Still, Poulson is surely correct that some policies involved in could be improved: The required follow-up time for donors is only two years, which I agree is unacceptable. Donors deserve annual follow-up appointments and guaranteed health insurance throughout their lives.

I had donated my kidney to someone I didn’t know, so if Poulson’s family disagreed with his donating to his step-cousin, you can imagine how mine felt. My parents were upset and furious. I told them that no increased risk had been found, but they didn’t believe me. And it turned out that in many ways they were right. (As parents often are).

But unlike Poulson, I don’t regret donation, not at all. In fact, I think it was the best decision I ever made. The months before and after I donated were the happiest I’ve ever been, and I truly can’t describe how it feels to save someone’s life.

I met John (my recipient) in March of 2012. I was a lawyer then, and I had to work late that night. Taking time out of the day was hard. But of course I wouldn’t have missed the chance to meet John for anything. I remember striking up a conversation with my cab driver on the way there, telling him I was going to meet my recipient for the first time. He was duly impressed.

My recipient's story

When I met John, he was charming and charismatic, incredibly eloquent about his experience, which had been grueling. He was 46 and had been on dialysis for eight years with no end in sight. He had played semi-pro football before his disease, but dialysis had left him homebound. He’d gained weight, was tired all the time, and was ashamed to leave the house. After four years, his partner had left him. When he got the call that there was a willing donor, he dropped the phone in shock.

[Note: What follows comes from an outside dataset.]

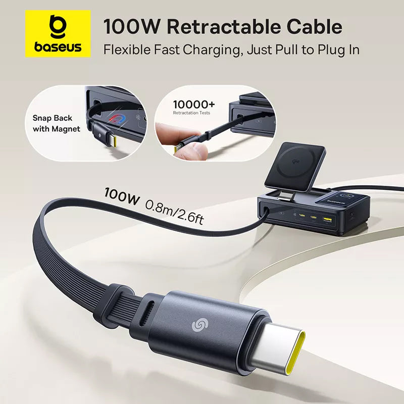 Cu un cablu USB-C retractabil de 100W, ofera nu doar o utilizare fara probleme, dar si o solutie convenabila pentru depozitare.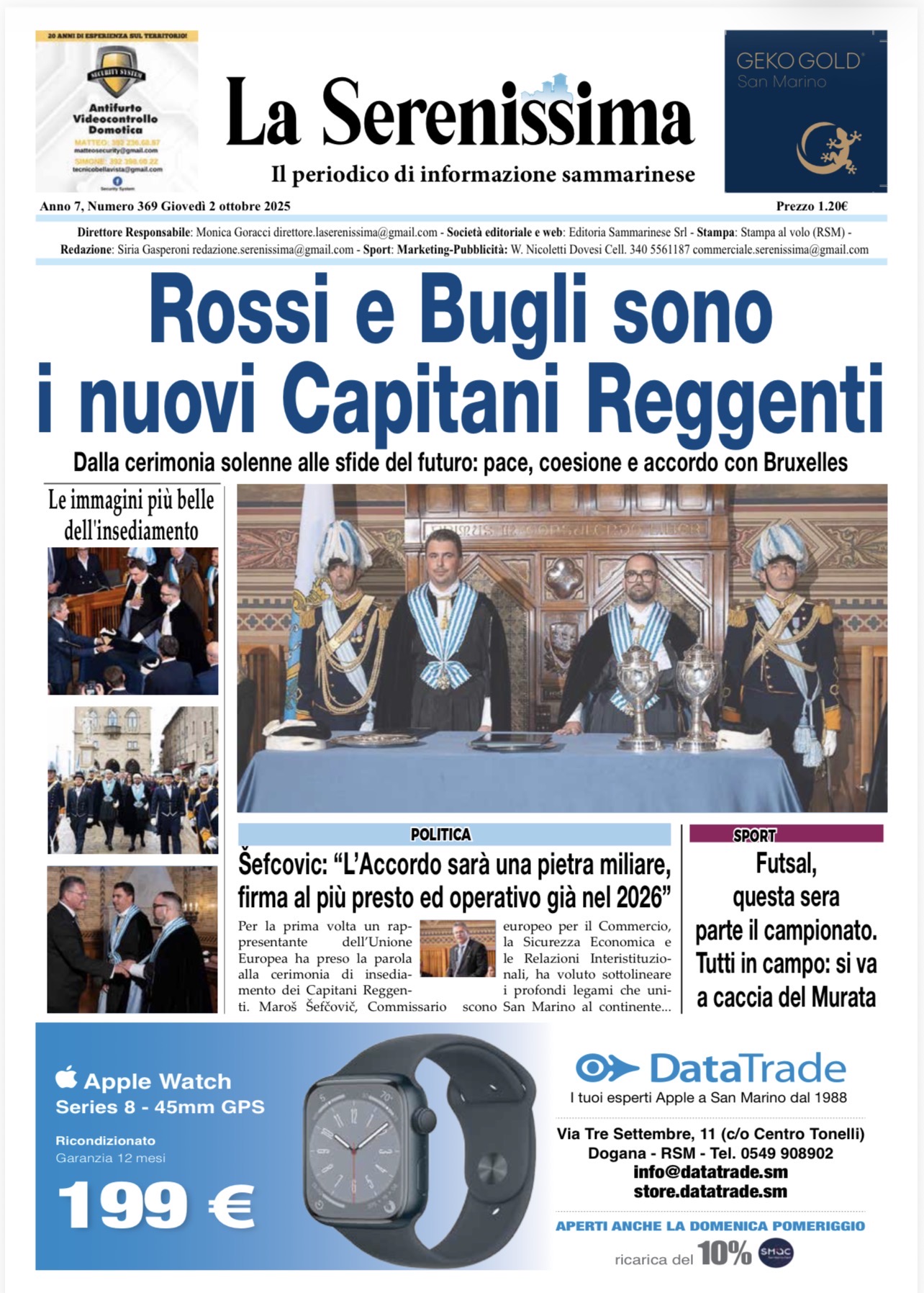 San Marino. La prima pagina de La Serenissima

Josh Morrison (the author) and his kidney recipient, John.

John is about a foot taller than me; we look ridiculous side by side. But when I met him, something clicked, and I felt like in some deep way we were always meant to be a part of each other’s lives.

I joke to my friends that I’m still chasing the high of donating, which is why I work in the transplant field full time, advocating to make transplants easier to ask for and easier to give. So I have my own biases and blind spots. My experience can’t stand in for that of all donors. But it’s important to know that while Poulson’s viewpoint is valid and worth sharing, the vast majority of donors view donation as a blessing. Risks and complications exist, but 95 percent of donors would donate again. (Seven different studies all find this result.)

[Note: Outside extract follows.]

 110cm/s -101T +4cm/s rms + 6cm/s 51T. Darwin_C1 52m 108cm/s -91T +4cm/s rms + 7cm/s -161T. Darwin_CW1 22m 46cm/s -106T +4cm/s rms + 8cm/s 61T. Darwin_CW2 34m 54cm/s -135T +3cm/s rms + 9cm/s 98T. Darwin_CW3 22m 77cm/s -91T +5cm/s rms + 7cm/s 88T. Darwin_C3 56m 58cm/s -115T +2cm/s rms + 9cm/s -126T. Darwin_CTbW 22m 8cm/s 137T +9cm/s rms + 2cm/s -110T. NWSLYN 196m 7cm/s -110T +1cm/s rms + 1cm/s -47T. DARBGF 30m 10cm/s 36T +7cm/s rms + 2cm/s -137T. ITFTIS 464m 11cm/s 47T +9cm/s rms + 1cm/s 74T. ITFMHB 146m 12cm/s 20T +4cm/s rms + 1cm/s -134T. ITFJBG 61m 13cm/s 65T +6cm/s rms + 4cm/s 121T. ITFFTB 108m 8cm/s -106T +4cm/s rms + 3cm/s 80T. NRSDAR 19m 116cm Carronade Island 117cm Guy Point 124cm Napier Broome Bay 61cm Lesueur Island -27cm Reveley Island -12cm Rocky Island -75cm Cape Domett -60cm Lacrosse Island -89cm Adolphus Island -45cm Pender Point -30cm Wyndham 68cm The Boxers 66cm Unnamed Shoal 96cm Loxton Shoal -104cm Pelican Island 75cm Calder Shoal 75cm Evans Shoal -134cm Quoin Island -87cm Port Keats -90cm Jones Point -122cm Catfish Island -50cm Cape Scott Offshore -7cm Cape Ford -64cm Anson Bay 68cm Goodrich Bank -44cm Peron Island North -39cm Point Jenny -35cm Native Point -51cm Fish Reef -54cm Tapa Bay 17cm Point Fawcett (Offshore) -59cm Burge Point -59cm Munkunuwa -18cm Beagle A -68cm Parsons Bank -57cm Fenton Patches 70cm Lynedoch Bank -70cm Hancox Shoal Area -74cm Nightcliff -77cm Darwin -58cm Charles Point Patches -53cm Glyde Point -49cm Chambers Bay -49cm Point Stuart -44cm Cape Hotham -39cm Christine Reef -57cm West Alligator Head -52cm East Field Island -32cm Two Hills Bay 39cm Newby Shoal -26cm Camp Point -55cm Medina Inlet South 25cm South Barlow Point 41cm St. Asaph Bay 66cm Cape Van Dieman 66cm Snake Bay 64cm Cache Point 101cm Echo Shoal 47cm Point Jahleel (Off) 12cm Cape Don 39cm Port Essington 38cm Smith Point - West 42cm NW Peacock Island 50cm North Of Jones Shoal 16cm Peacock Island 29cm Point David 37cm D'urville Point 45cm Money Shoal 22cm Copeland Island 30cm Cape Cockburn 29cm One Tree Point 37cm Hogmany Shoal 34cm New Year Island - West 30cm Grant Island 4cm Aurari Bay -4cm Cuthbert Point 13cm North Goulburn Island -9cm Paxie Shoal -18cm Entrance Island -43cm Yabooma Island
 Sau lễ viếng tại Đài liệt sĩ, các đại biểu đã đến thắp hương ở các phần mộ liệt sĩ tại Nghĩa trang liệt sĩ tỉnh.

And that brings me back to where I started: What is it about Poulson’s negative experience of donation that made people so much more interested in sharing it than the more typical positive accounts by other donors?

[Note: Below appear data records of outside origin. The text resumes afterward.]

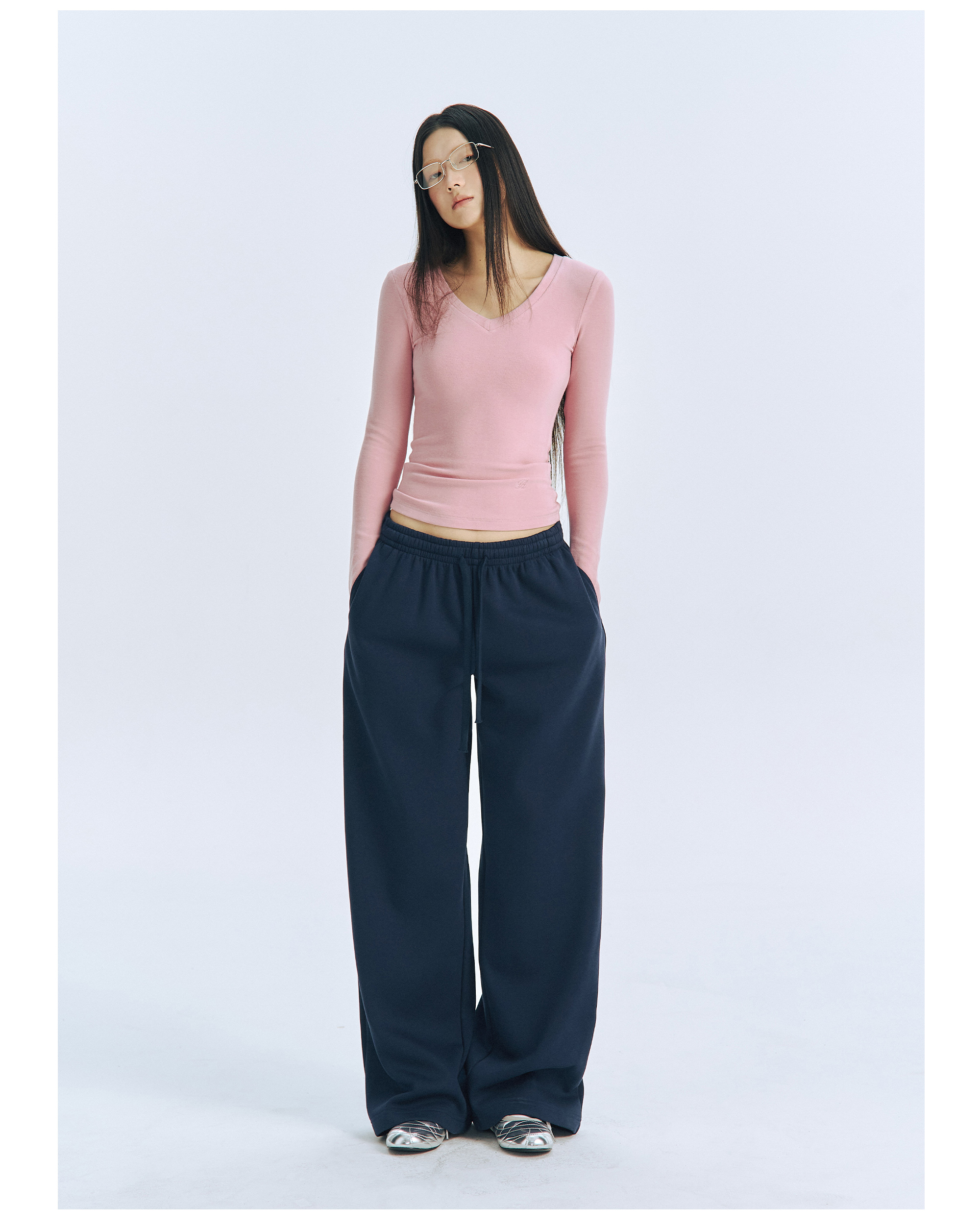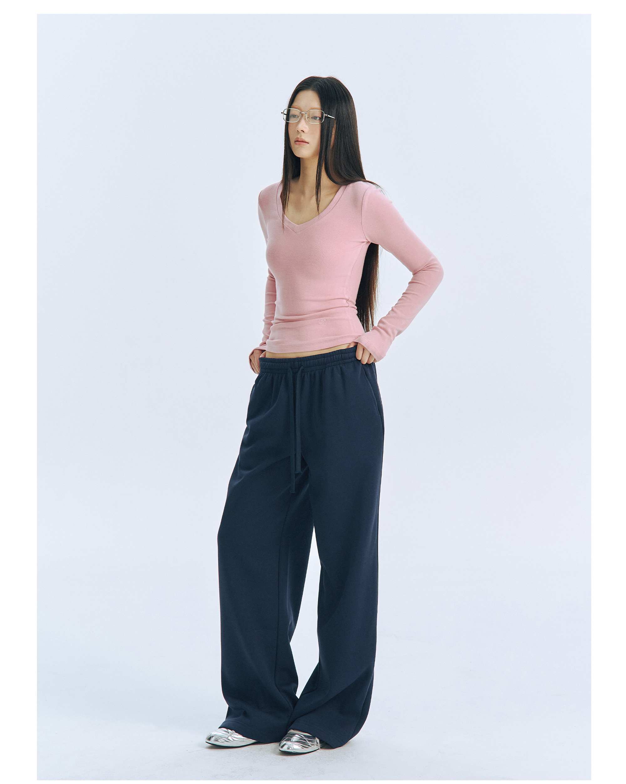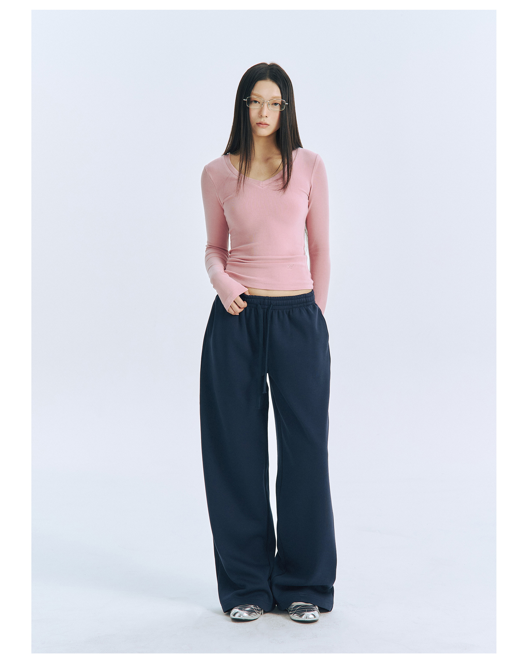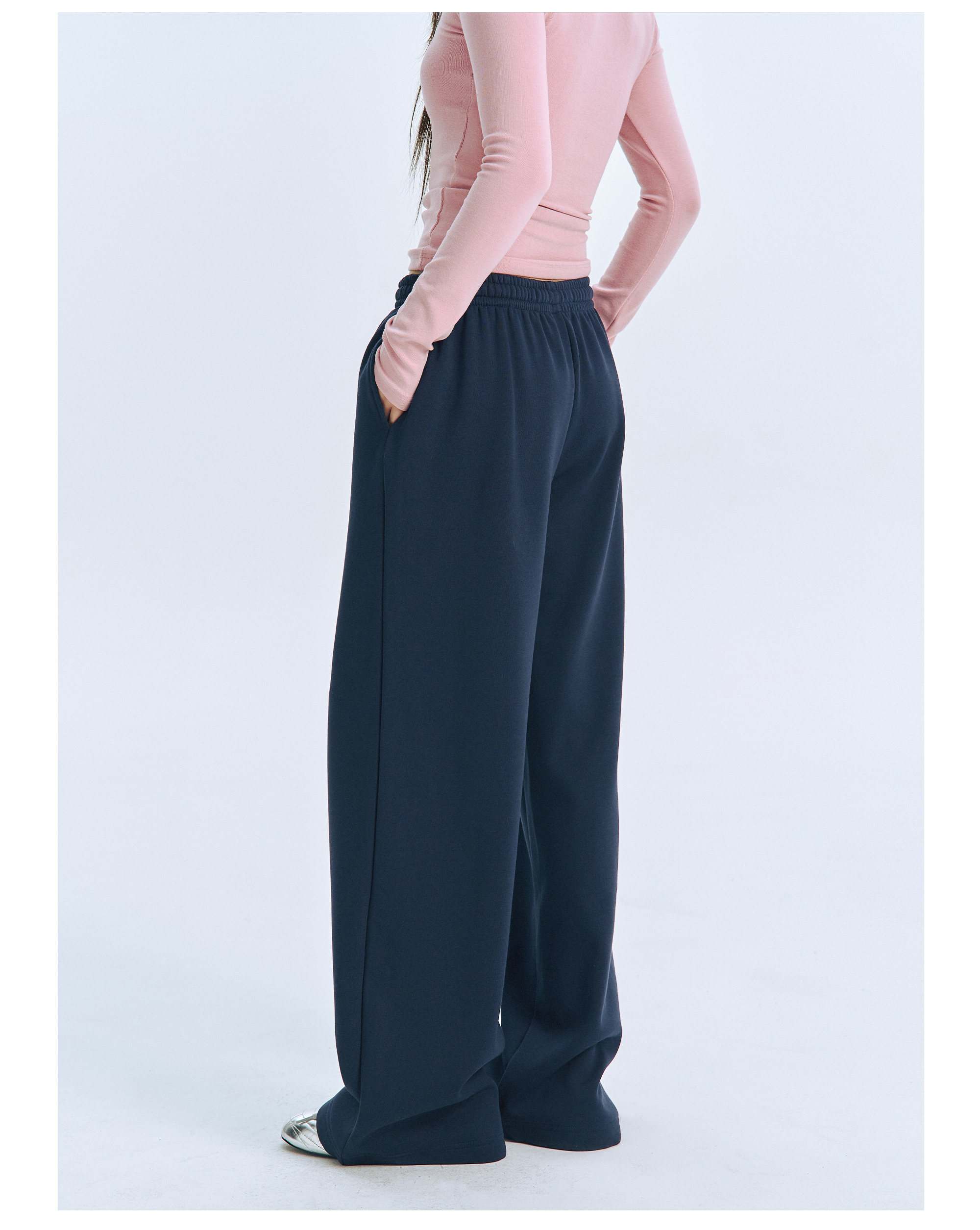 Archivum Navy Blue Versatile Low-Waist Thin Fleece Drawstring Straight-Leg Casual Lazy Walking Sports Sweatpants Long Pants
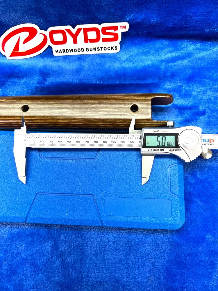 Boyds Nutmeg Encore Rifle Forend with fasteners Enhance your Thompson Center Encore Rifle with this Nutmeg colored Hardwood forend grip. This durable grip is made from laminated hardwood materials and measures 10 inches in length. It comes with a sling attachment stud, ensuring a more comfortable and hassle-free hunting experience. This forend grip is suitable for Encore rifles and is available in Nutmeg color. It is "brand new" and comes with black oxide fasteners. The grip is made in the United States, and it is a part of the hunting and sporting goods categories. Get your hands on this high-quality forend grip for your Thompson Center Encore rifle today! Calipers and their case are not included.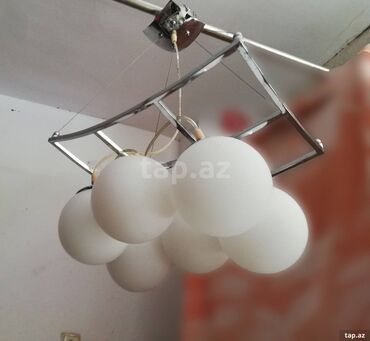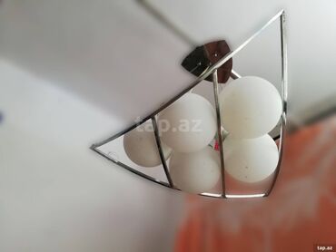 Şüşə-kristal tavan lampası (plasfon) - Forma: dairəvi, yarı-qapalı tavan tipli - Material: parlaq xrom rəngli korpus, kəsimli kristal elementlər və şüşə bəzəklər - Dizayn: ağ fon üzərində qızılı ç...

We as a society venerate self-interest and have a hard time making sense of acts of self-sacrifice, like giving an organ to save someone’s life. When someone else donates, it raises uncomfortable questions about our own moral choices. Would we donate in their stead?

No one is ever obligated to donate to anyone for any reason. Still, it’s a question we don’t like to think about. Instead, we collectively gravitate toward stories of donor regret, like Poulson’s, because they confirm our worst fears in a way that’s oddly reassuring. I fear his story gave people license to say to themselves, "I knew that making a sacrifice was a bad idea all along."

That attitude not only dissuades people from donating, it also prevents our political system from solving the transplant crisis and treating donors with the respect they deserve. No one’s obligated to donate, but everyone ought to support donation.

Part of why I do the work I do is because I believe in the value of public service and self-sacrifice. Mr. Poulson’s perspective is important and shows the need for reform, but don’t let his regret erase the pride tens of thousands of donors take in having saved the lives of the people we care about.

Josh Morrison is a kidney donor and co-founder of the nonprofit Waitlist Zero, which supports living donors and living donation.